== EXERCISE MATERIAL

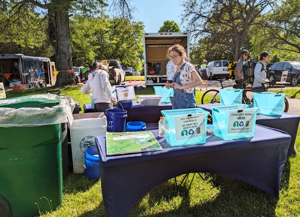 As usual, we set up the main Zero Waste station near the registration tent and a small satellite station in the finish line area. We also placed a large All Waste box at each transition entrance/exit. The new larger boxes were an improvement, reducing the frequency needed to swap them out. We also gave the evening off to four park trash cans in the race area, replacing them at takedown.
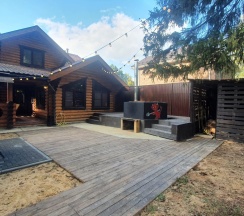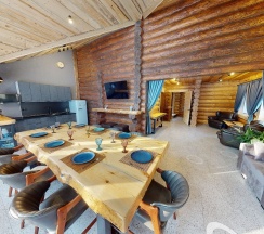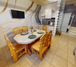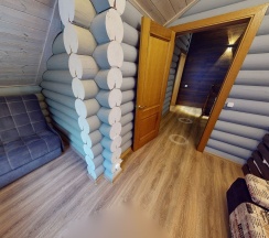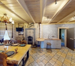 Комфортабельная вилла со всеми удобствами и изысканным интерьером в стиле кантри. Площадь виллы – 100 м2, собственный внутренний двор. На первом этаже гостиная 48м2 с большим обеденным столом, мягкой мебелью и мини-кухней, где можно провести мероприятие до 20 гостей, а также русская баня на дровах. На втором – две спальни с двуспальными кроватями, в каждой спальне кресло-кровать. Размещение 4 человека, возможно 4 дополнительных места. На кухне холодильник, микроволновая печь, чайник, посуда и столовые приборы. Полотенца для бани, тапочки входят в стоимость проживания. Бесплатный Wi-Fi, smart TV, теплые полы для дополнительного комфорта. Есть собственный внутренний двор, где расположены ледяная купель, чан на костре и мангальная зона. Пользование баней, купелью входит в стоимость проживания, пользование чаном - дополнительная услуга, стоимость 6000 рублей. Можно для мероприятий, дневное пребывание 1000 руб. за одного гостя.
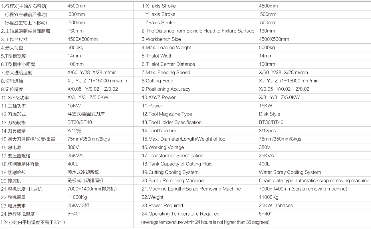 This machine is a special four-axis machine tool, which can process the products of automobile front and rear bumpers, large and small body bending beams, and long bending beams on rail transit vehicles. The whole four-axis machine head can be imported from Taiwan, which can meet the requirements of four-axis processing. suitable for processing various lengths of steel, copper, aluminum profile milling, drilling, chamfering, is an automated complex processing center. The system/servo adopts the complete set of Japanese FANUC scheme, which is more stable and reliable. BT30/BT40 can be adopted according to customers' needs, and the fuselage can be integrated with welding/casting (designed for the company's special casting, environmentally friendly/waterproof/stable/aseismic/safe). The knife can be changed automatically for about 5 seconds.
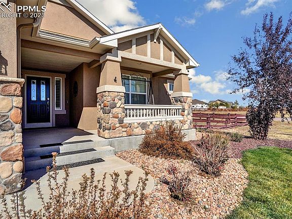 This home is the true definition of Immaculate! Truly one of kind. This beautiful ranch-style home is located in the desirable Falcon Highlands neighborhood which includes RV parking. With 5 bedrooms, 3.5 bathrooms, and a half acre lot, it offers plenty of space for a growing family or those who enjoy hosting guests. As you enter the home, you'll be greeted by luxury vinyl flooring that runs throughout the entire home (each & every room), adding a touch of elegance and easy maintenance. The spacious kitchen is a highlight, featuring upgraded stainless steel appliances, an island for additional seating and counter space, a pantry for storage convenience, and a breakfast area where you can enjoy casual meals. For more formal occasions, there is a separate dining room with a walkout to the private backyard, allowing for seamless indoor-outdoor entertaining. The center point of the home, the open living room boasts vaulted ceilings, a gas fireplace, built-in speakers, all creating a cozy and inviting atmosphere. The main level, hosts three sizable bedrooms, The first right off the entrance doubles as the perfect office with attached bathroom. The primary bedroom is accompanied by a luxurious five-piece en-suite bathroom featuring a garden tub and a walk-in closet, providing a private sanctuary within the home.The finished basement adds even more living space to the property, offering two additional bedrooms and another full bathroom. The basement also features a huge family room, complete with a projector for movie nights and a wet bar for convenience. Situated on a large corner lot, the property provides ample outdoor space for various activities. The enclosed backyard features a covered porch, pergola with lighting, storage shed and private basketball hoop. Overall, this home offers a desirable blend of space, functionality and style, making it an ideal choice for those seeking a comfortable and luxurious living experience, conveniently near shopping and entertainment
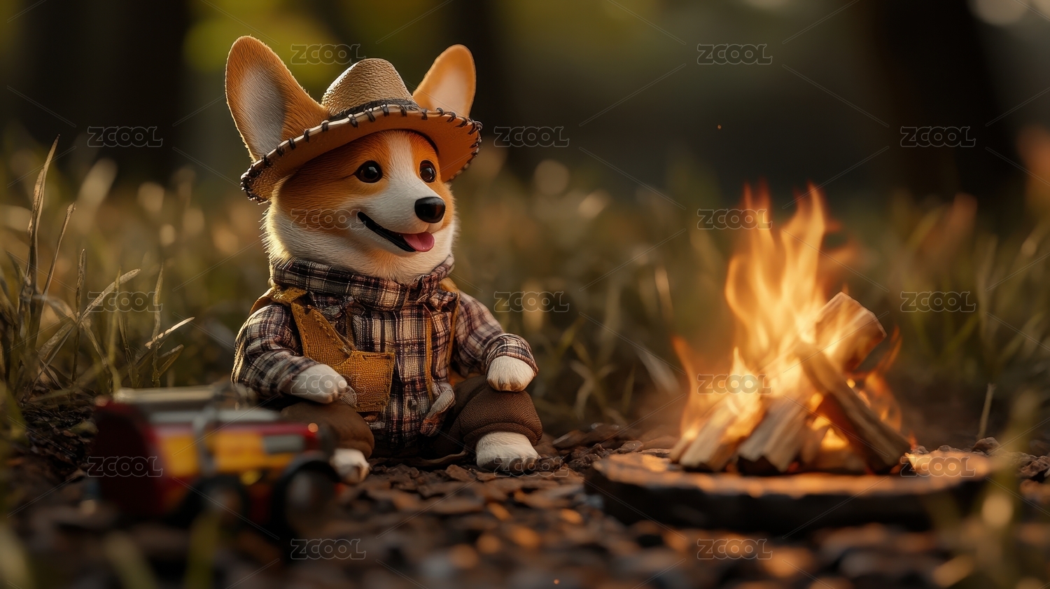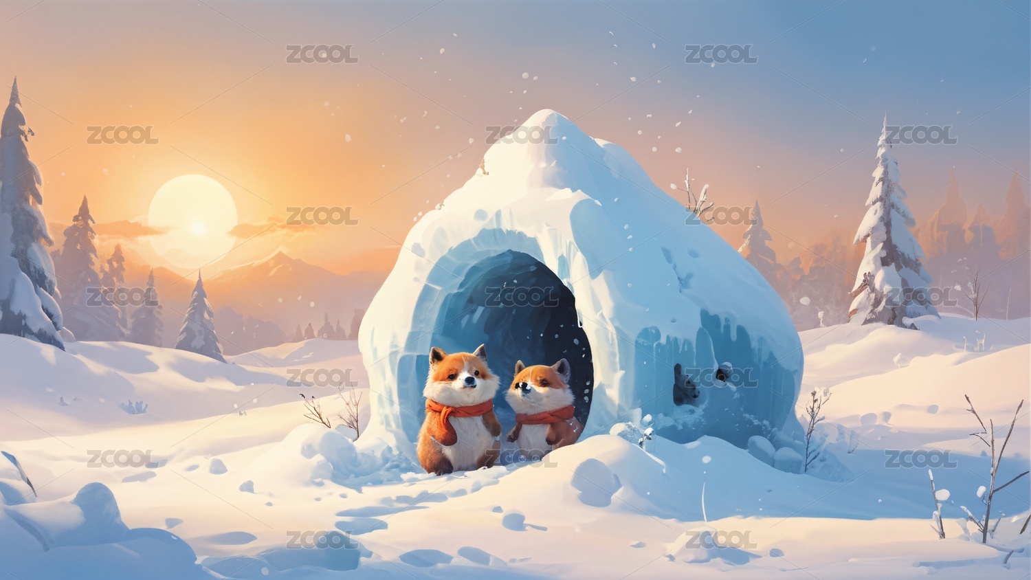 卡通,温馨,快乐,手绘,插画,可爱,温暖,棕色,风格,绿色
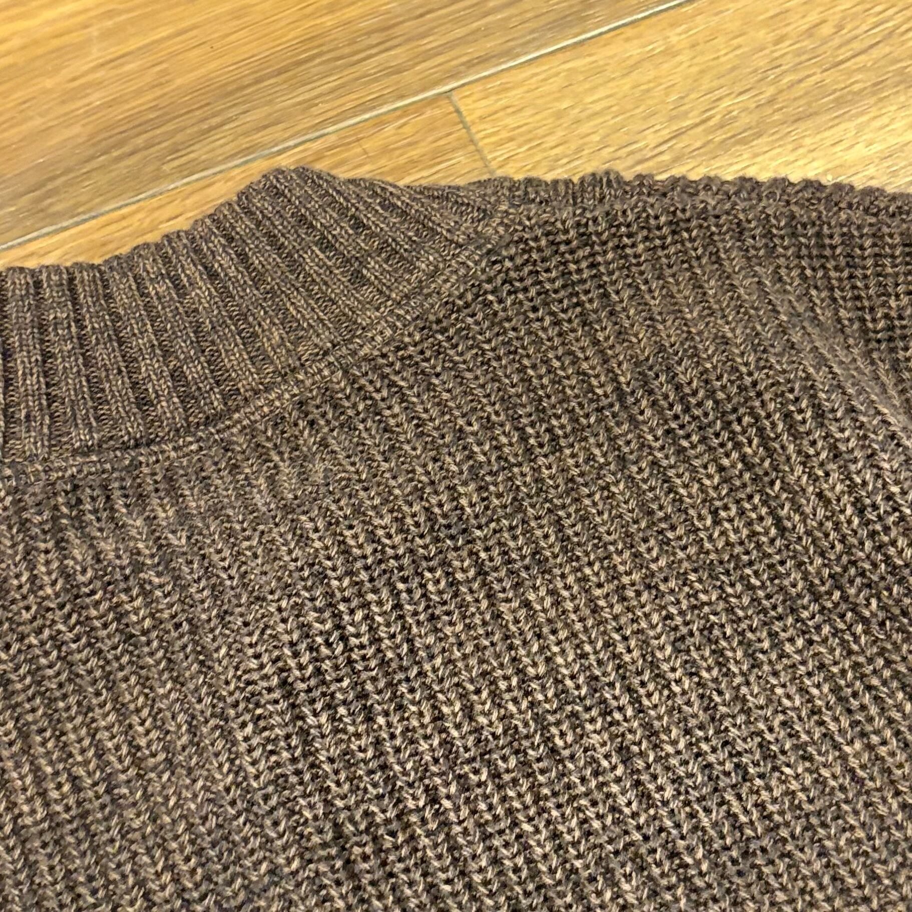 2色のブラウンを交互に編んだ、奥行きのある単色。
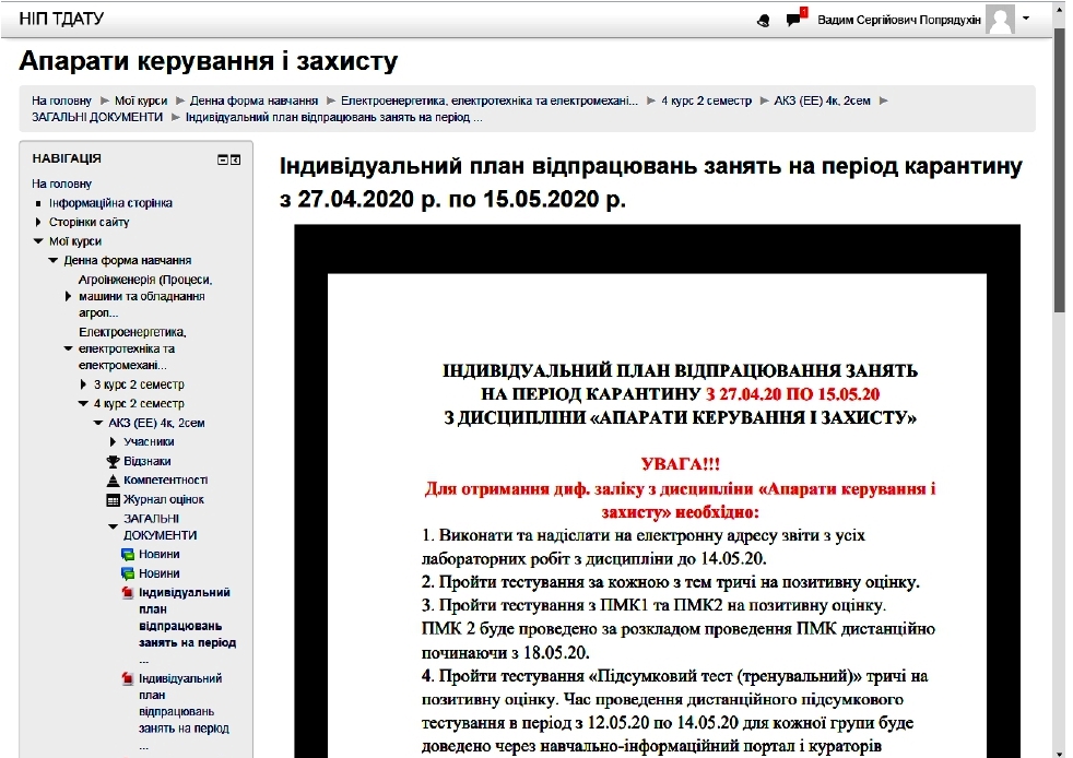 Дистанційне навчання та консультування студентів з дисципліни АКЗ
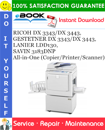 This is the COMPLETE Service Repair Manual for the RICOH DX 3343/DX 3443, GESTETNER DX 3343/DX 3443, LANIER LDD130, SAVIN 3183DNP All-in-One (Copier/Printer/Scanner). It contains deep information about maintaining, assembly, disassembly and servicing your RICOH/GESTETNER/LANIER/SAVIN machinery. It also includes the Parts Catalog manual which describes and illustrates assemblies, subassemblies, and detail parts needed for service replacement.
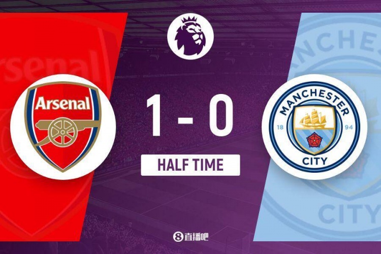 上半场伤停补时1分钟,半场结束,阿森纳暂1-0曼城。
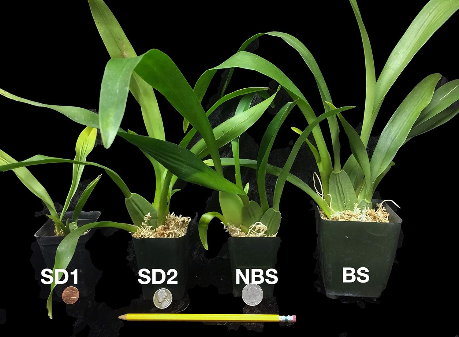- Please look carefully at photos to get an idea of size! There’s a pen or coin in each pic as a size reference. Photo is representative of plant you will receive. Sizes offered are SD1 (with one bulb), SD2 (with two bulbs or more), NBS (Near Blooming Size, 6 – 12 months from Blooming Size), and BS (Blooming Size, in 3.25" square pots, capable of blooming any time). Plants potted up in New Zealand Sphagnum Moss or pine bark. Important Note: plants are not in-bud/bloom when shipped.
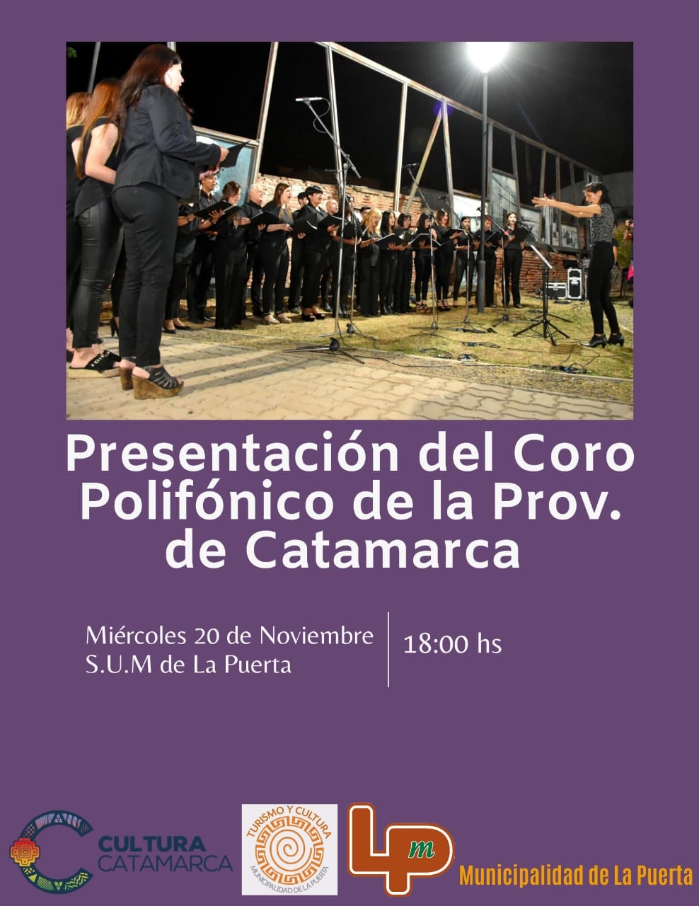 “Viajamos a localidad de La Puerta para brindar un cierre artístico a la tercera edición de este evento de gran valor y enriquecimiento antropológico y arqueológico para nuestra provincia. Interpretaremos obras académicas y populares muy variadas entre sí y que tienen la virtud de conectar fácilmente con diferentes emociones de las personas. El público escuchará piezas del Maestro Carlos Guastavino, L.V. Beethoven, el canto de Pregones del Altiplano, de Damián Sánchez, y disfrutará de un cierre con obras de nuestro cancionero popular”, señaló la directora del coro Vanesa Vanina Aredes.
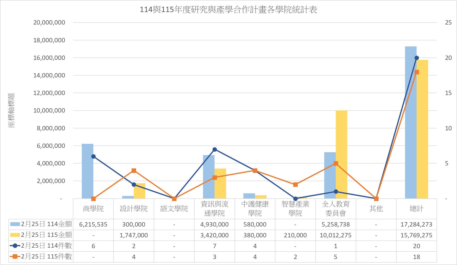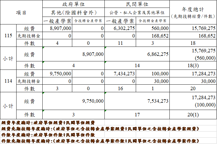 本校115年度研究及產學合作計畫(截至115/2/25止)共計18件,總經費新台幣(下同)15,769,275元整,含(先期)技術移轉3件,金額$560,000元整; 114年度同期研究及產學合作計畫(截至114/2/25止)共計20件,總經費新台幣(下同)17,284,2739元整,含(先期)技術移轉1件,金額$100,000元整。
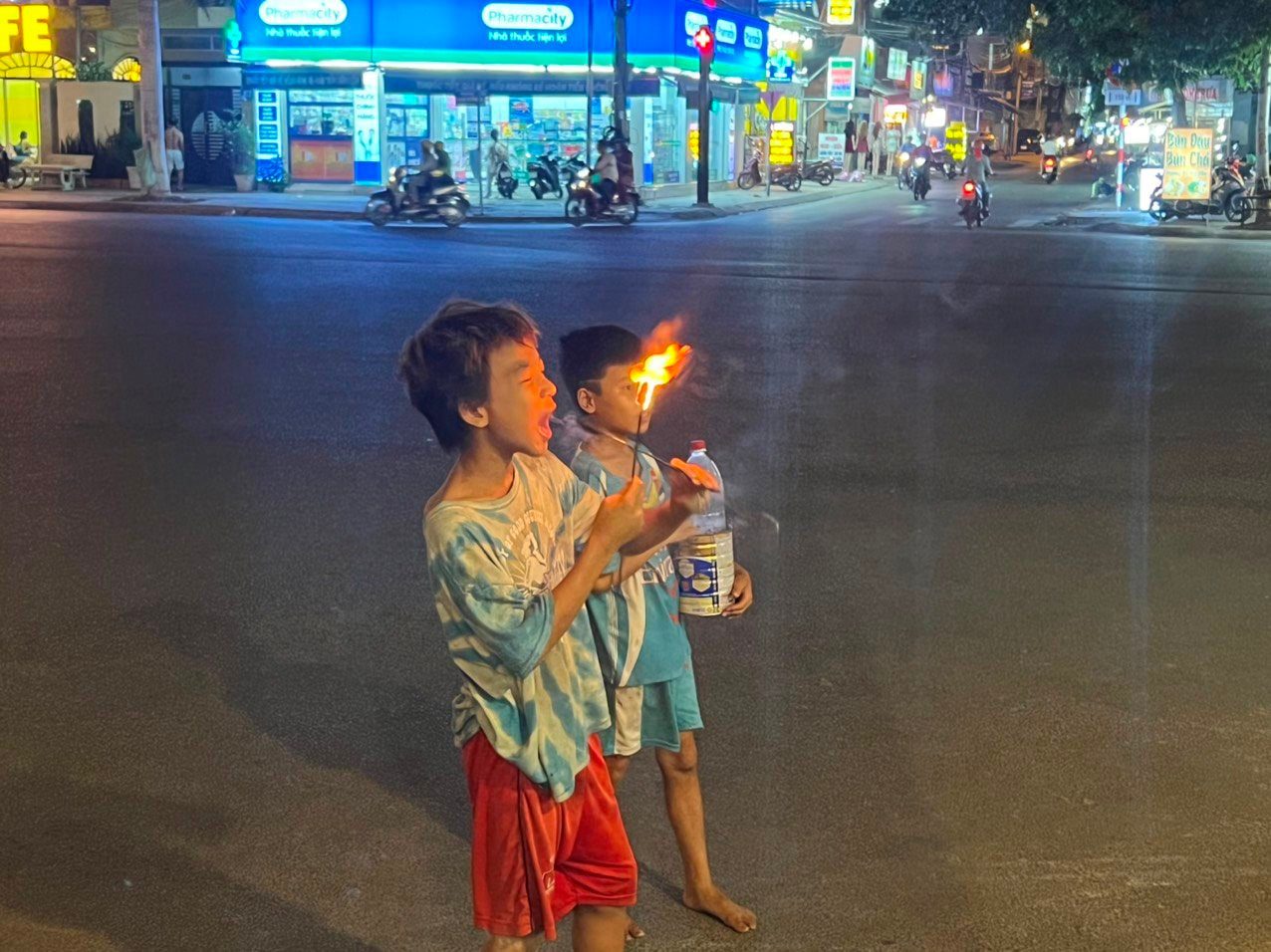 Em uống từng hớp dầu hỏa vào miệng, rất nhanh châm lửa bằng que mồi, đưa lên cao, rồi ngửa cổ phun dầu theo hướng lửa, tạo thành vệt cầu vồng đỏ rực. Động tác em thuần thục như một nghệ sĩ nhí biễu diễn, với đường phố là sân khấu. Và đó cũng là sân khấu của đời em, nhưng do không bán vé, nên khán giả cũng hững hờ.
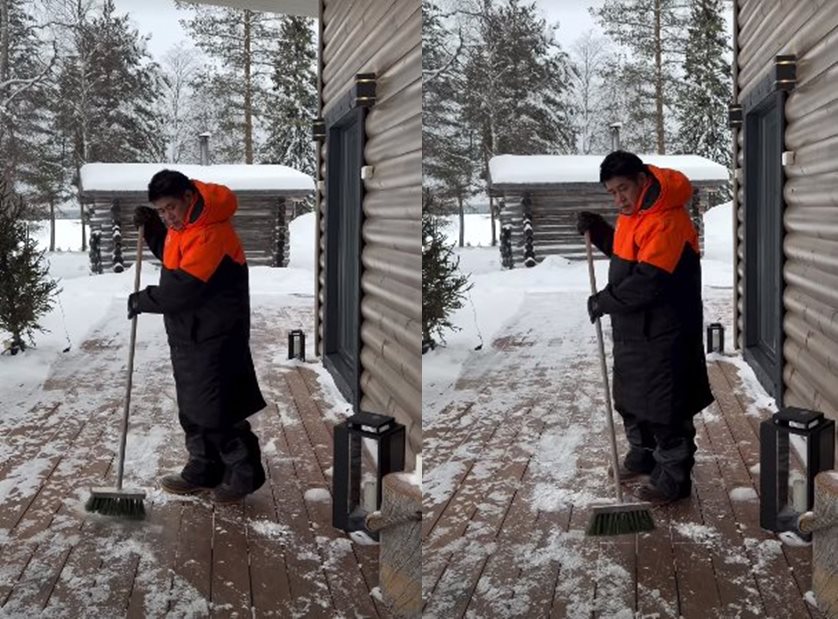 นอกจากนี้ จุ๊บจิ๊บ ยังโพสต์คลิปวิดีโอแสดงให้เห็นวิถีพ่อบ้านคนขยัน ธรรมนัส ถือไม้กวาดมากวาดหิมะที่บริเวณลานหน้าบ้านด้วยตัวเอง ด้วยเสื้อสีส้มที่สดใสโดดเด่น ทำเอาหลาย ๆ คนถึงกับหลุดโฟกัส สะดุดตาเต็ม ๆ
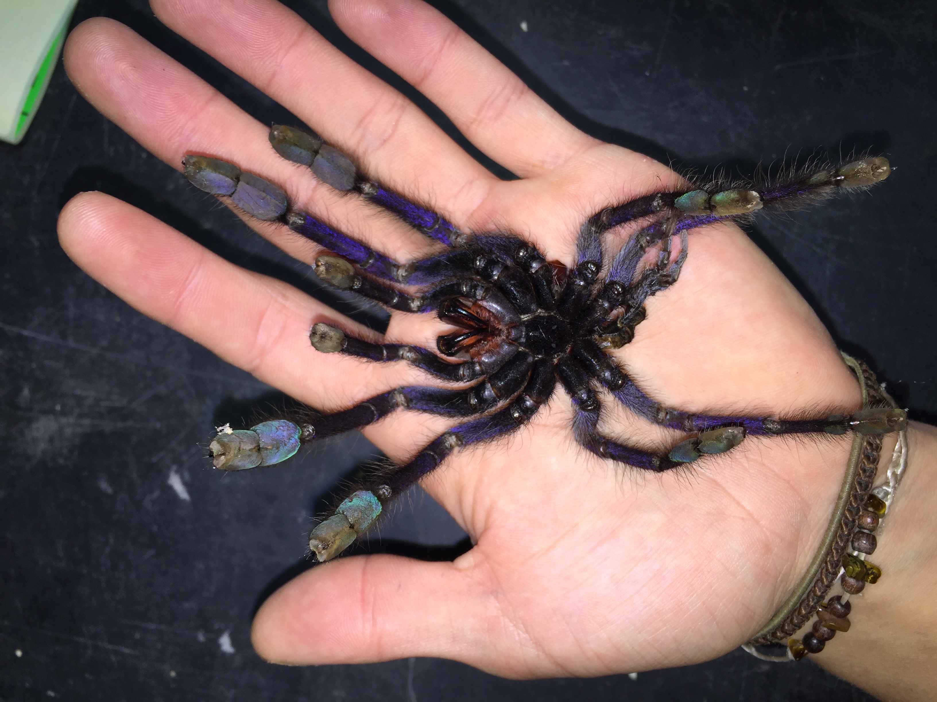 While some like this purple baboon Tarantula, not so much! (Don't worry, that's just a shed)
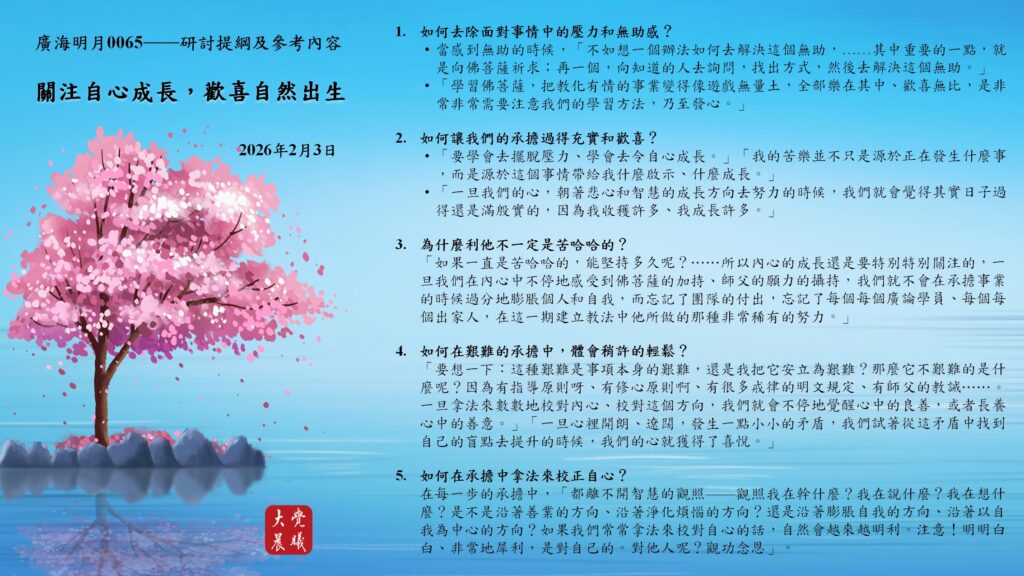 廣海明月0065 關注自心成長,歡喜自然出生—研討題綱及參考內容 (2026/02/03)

====

**EXERCISE**
Of the lines above, copy only those from the one holding "本校115年度研究及產學合作" to the one holding "While some like", both included, and exclude every image.

**ANSWER TO THIS PROBLEM**
 本校115年度研究及產學合作計畫(截至115/2/25止)共計18件,總經費新台幣(下同)15,769,275元整,含(先期)技術移轉3件,金額$560,000元整; 114年度同期研究及產學合作計畫(截至114/2/25止)共計20件,總經費新台幣(下同)17,284,2739元整,含(先期)技術移轉1件,金額$100,000元整。
 Em uống từng hớp dầu hỏa vào miệng, rất nhanh châm lửa bằng que mồi, đưa lên cao, rồi ngửa cổ phun dầu theo hướng lửa, tạo thành vệt cầu vồng đỏ rực. Động tác em thuần thục như một nghệ sĩ nhí biễu diễn, với đường phố là sân khấu. Và đó cũng là sân khấu của đời em, nhưng do không bán vé, nên khán giả cũng hững hờ.
 นอกจากนี้ จุ๊บจิ๊บ ยังโพสต์คลิปวิดีโอแสดงให้เห็นวิถีพ่อบ้านคนขยัน ธรรมนัส ถือไม้กวาดมากวาดหิมะที่บริเวณลานหน้าบ้านด้วยตัวเอง ด้วยเสื้อสีส้มที่สดใสโดดเด่น ทำเอาหลาย ๆ คนถึงกับหลุดโฟกัส สะดุดตาเต็ม ๆ
 While some like this purple baboon Tarantula, not so much! (Don't worry, that's just a shed)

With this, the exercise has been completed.